Людочка постояла несколько секунд, щурясь от неожиданно яркого света лампочки, вспыхнувшей под кухонным потолком, и, прежде чем заняться делами, сорвала листок с календаря. На картинке этого листка два человека смешно толковали про испорченное паровое отопление. Там же сообщалось, что вчера, в воскресенье 22 ноября, солнце взошло в 8.18, закатилось в 16.13 и день, таким образом, длился 7 часов 55 минут. Эти астрономические сведения всегда почему-то очень интересовали ее, и, узнавая о том, что день стал еще короче, она каждый раз невольно испытывала какое-то необъяснимо горькое, обидное и досадное чувство, будто с теми исчезнувшими из светового дня минутами она сама утратила, безвозвратно потеряла что-то очень значительное и важное из своей легкой, счастливой, лучезарной жизни. Но когда, месяц спустя, день пойдет на прибыль и она опять станет узнавать об этом из сообщений календаря, тихое, ласковое изумление всякий раз будет восхищать ее сердце.

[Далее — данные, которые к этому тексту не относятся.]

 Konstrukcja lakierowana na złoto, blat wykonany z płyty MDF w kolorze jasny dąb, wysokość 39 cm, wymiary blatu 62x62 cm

На оборотной стороне календарного листка за вчерашний воскресный день была напечатана заметка под названием "Маски для сухой кожи лица". Людочка стала внимательно и заинтересованно читать: "Подогрейте стакан с оливковым маслом в миске с горячей водой. Смочите вату в теплом оливковом масле, слегка отожмите и положите на лицо, а на глаза — ватку, смоченную в холодной воде. Через 15–20 минут снимите маску, лицо ополосните холодной водой и промокните бумажной салфеткой". Это был первый совет женщинам, что им делать, если у них сухая кожа лица. Дальше следовало еще два таких же толковых, заботливых совета. Они тоже заинтересовали Людочку, поскольку кожа на ее смазливом, задорном личике была как раз той, для ухода за которой и предназначались эти косметические рецепты. Но обстоятельно знакомиться с ними уже было недосуг, она отнесла календарный листок в комнату и положила на тумбочку возле будильника и настольной лампы, чтобы вечером, освободясь от занятий, прочесть с начала и до конца.

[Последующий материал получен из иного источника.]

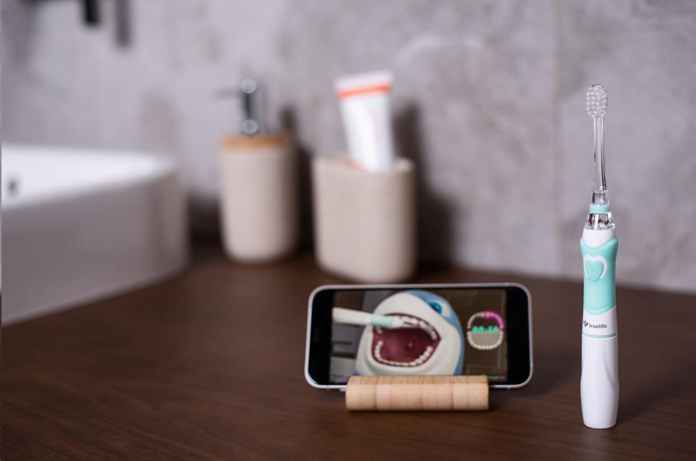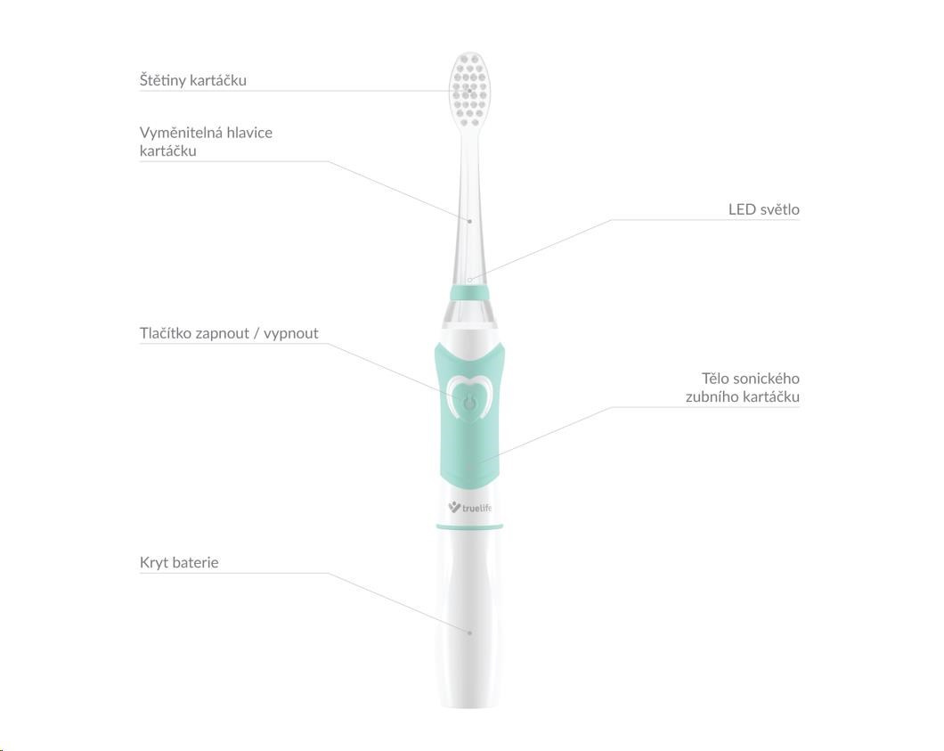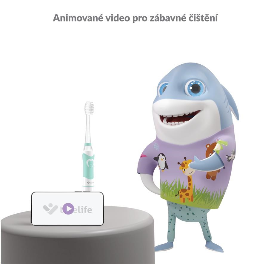 S kartáčkem TrueLife SonicBrush Kid G se jinak nudné čištění zubů může změnit na zábavnou aktivitu, na kterou se budou děti těšit. Výuková video animace, kterou si děti mohou pustit na mobilním telefonu nebo tabletu, provede celým čištěním. Děti vidí, jak si zuby čistit správně a dostatečně dlouho. Na konci čištění jsou děti odměny a natěšení na další čištění. Součástí balení jsou i nálepky se zvířátky. Děti si tak mohou kartáček ozdobit dle svých představ.

"Все-таки здорово, хорошо, что в календаре иногда печатают что-нибудь исключительно полезное и значительное для женщин", — подумала она, возвратясь на кухню и принимаясь за работу.

Не прошло и получаса, а дела у Людочки были в самом полном разгаре. Все четыре конфорки на газовой плите жарко пылали. Одна — под кастрюлей с будущим супом, вторая — под кастрюлей с картошкой для пюре, третья — под кастрюлей с пыхтящей рисовой кашей на завтрак, а четвертую конфорку придавил чугунный утюг, которым Людочка вскоре и принялась гладить Васе рубашку, Коле — штанишки, Поле — ленты для кос и передничек.

Где-то около семи часов проснулся Вася и зазудил в ванной комнате электробритвою.

— Это что за календарь на тумбочке лежит? — кричал он, бреясь.

— Это я оставила до вечера, чтобы досконально изучить косметику лица, — ответила Людочка, ловко водя по форменному Поленькиному фартуку горячим чугунным орудием производства. — Просто необходимые советы для тех, у кого сухая кожа лица.

— А я просыпаюсь — гляжу, календарь лежит. Крутил, вертел его в руках, ничего не могу спросонья сообразить. На сколько же сегодня день убавился?

— Ты об этом мог бы сам прекрасно узнать.

— В твоих устах такие сообщения приобретают более трагический смысл, чем когда я сам узнаю об этом. Так на сколько же день убавился?

— Чтоб тебе действительно не очень утруждаться чтением, так и быть, скажу по-дружески: день убавился на три минуты.

— Какой ужас!

— Не смейся, пожалуйста, мне от этого горько.

— Через месяц все изменится, не горюй, старина.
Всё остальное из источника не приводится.